Researchers find Pokémon-like googly-eyed squid on ocean floor

16 Aug 2016

The stubby squid. Screenshot via OET

The latest weird marine discovery has come off the coast of California, as a team of marine biologists have stumbled across what has been dubbed the ‘googly-eyed squid’.

The googly-eyed squid discovery was made by a team of researchers from the Ocean Exploration Trust (OET) aboard the Nautilus floating laboratory that has been making its way down the western coast of North America.

If the name Nautilus sounds familiar, it’s because this was the same ship and team that discovered the mysterious purple orb off the Channel Islands, which are not far from the shores of California.

While in that instance the team admitted it might be years before the strange-looking creature could be properly identified, this latest Pokémon-like squid was quickly identified by the marine biologists.

Called the stubby squid (rossica pacifica), its cartoon-like characteristics come from its huge eyes, which one of the marine biologists in the team’s video described as looking “so fake”.

“This species spends life on the seafloor, activating a sticky mucus jacket and burrowing into the sediment to camouflage, leaving their eyes poking out to spot prey like shrimp and small fish,” the team said.

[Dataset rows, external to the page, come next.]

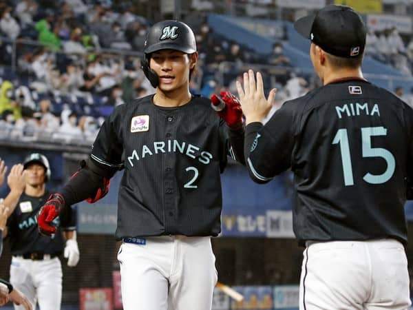8月14日のオリックス戦で勝ち越し打を放ち、美馬(右)に迎えられるロッテ・藤原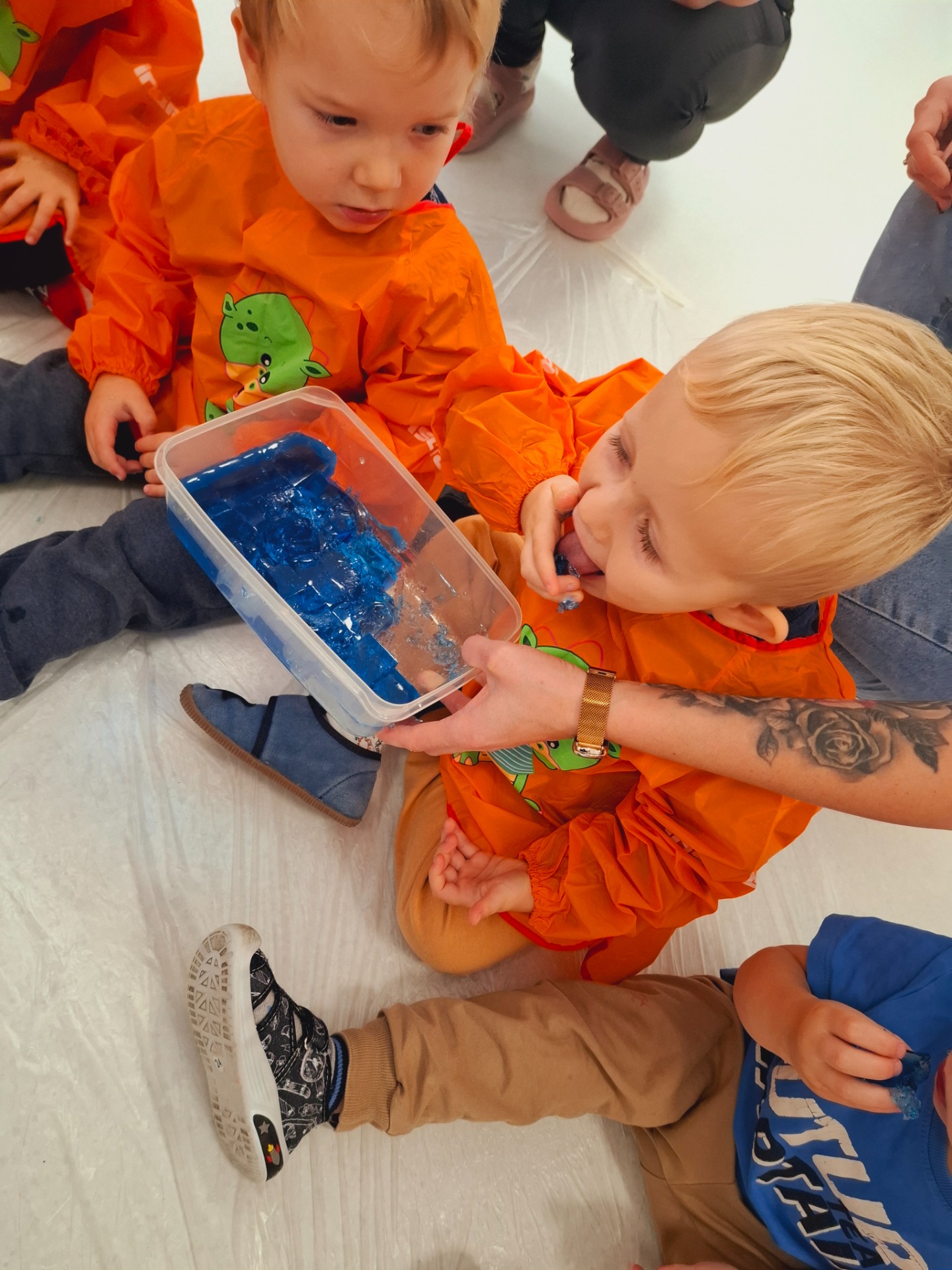 Następnie dzieci miały okazję spróbować niebieskiej galaretki o smaku borówkowym 🫐🫐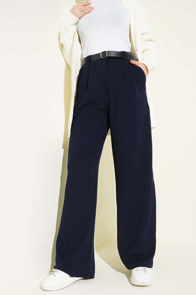 Kemerli Cepli Dar Paça Kumaş Pantolon Lacivert
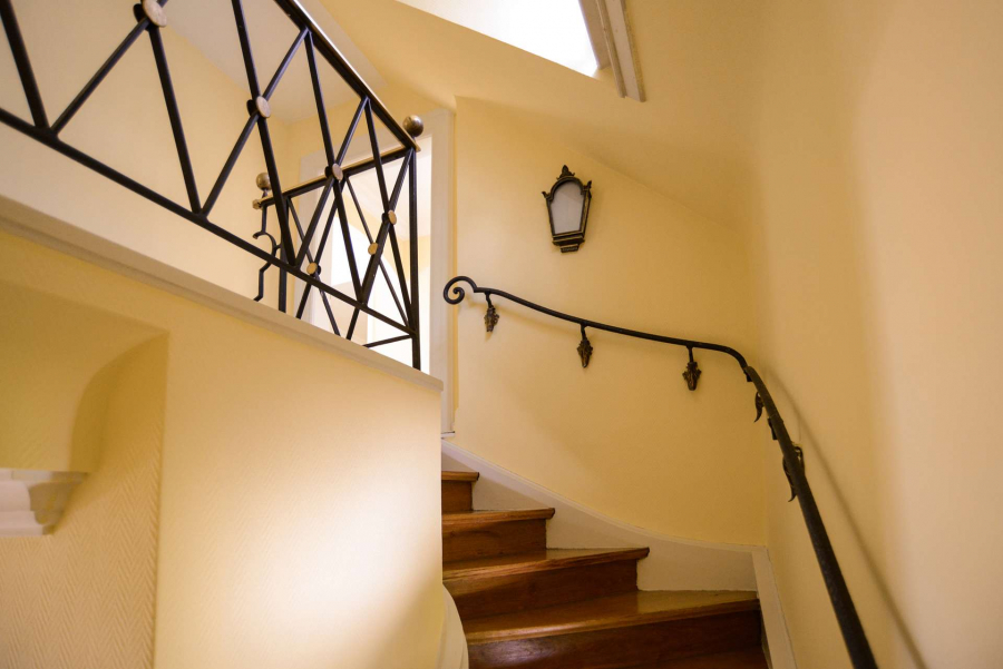 Über eine geschwungene Holztreppe gelangen Sie in das Obergeschoss. Dort befindet sich ein Schlafzimmer mit einem Tageslichtbad en Suite und einer überaus charmanten Terrasse mit Blick in die Baumkronen des alten Baumbestands auf dem Grundstück. Ein weiterer kleinerer Schlafraum grenzt an das Schlafzimmer an und könnte auch als Ankleide dienen.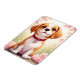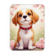 Esta ilustração encantadora apresenta um filhote irresistível, fofo, com olhos comoventes e brilhantes e um sorriso suave. O filhote, com o pelo castanho e branco macios, veste um colar vermelho brilhante adornado com um nome de etiqueta, acrescentando um toque de personalidade e calor. Sentado calmamente em meio a um jardim sereno de delicadas flores de cereja rosa, o filhote parece doce à frente, evocando um senso de paz e alegria. O fundo macio, pastel e leve cria uma atmosfera sonhadora e semelhante a um livro de histórias, perfeita para invocar sentimentos de serenidade e afeto gentil em tempo de primavera. Esta cena encantadora é ideal para ilustrações de livros infantis, cartões de saudação, ou mesmo designs roupa que visam espalhar felicidade e charme.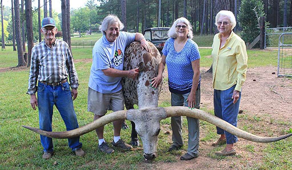 “All my neighbors (around) here, any time they have company, they come over to see the longhorn,” Pope said in the news release. “He’s just a big, gentle character. Everyone brings (food) with them — he likes apples, carrots and marshmallows.”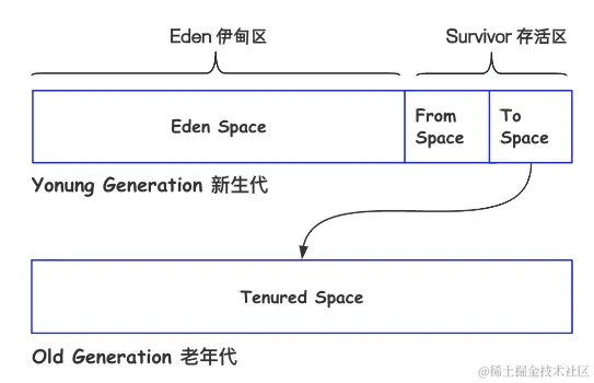 通过上图可以看到目前Java堆的分代,分成老年代和新生代两大部分,当新创建一个对象时会放入新生代的Eden区,在Eden区后面有分别有From和To两个内存区,统称为存活区(Survivor),这一块区域主要是来存放Eden区存活下来的对象,当新生代的对象经过多次回收之后依然存活或者虚拟机判断的对象(比如大对象)则会进入老年代。
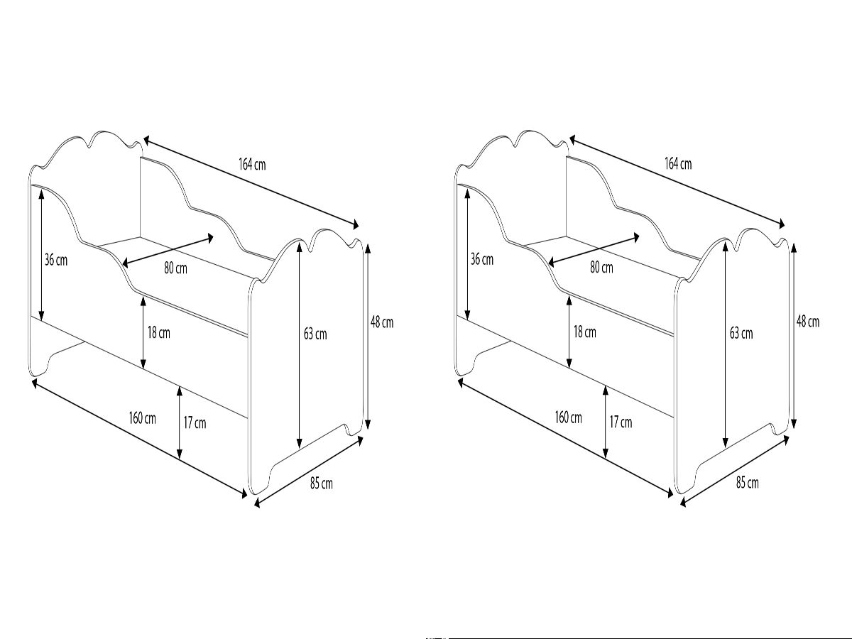 Az ANNA lány ágy 160x80 méretben a funkcionalitás, biztonság és esztétika kombinációja. A klasszikus fehér szín és az ágy fején található bájos lányos minta tökéletesen illeszkedik a gyerekszobába, és otthonos, stílusos alvóhelyet teremt.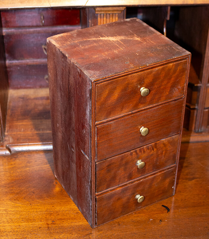 Item Condition: The desk displays well; any imperfections are trivial and commensurate with age and use. Lid hinges have been reset; brasses are not original; drawers have been drilled for several sets of hardware.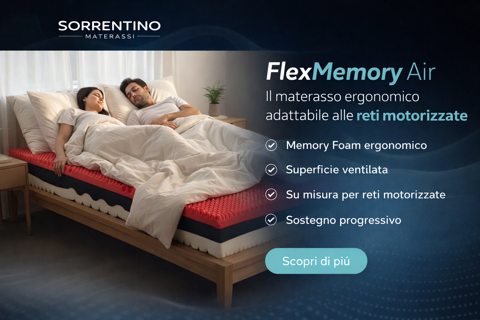 Il FlexMemory Air è perfettamente compatibile con le reti motorizzate grazie alla sua struttura in schiume tecniche altamente elastiche.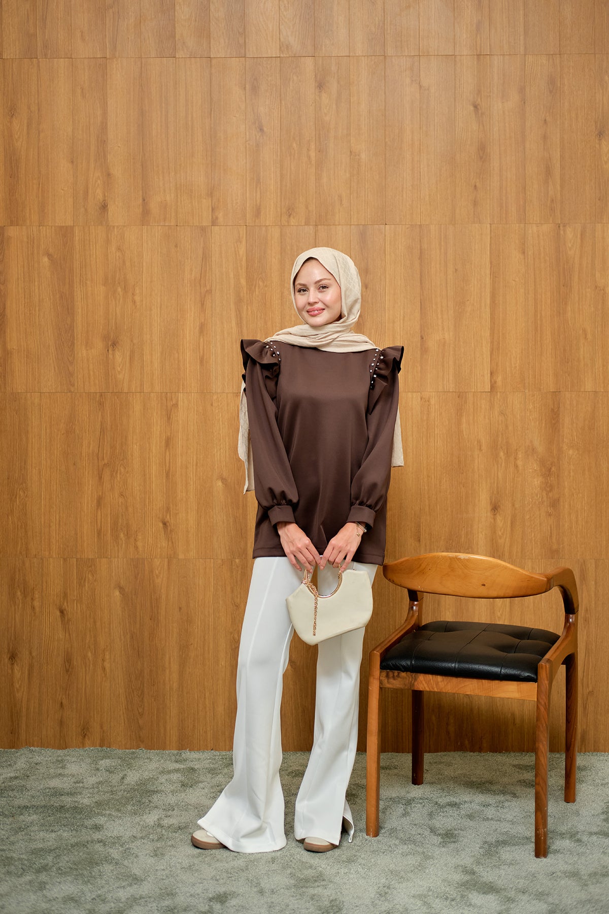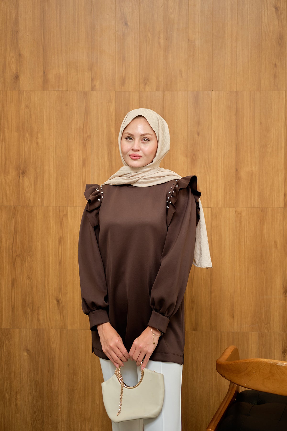 Fırfır Detay Taşlı Tunik Kahverengi

This particular discovery was made 2,950ft below sea level but the creatures are typically found in the northern Pacific from Japan to southern California and, despite the region’s proximity to the American coast, the OET team has said that much of the ocean floor remains unmapped and unexplored.

In the meantime, cephalopods like the stubby squid are entering a golden age as, with the onset of climate change, their numbers are increasing thanks to warming oceans.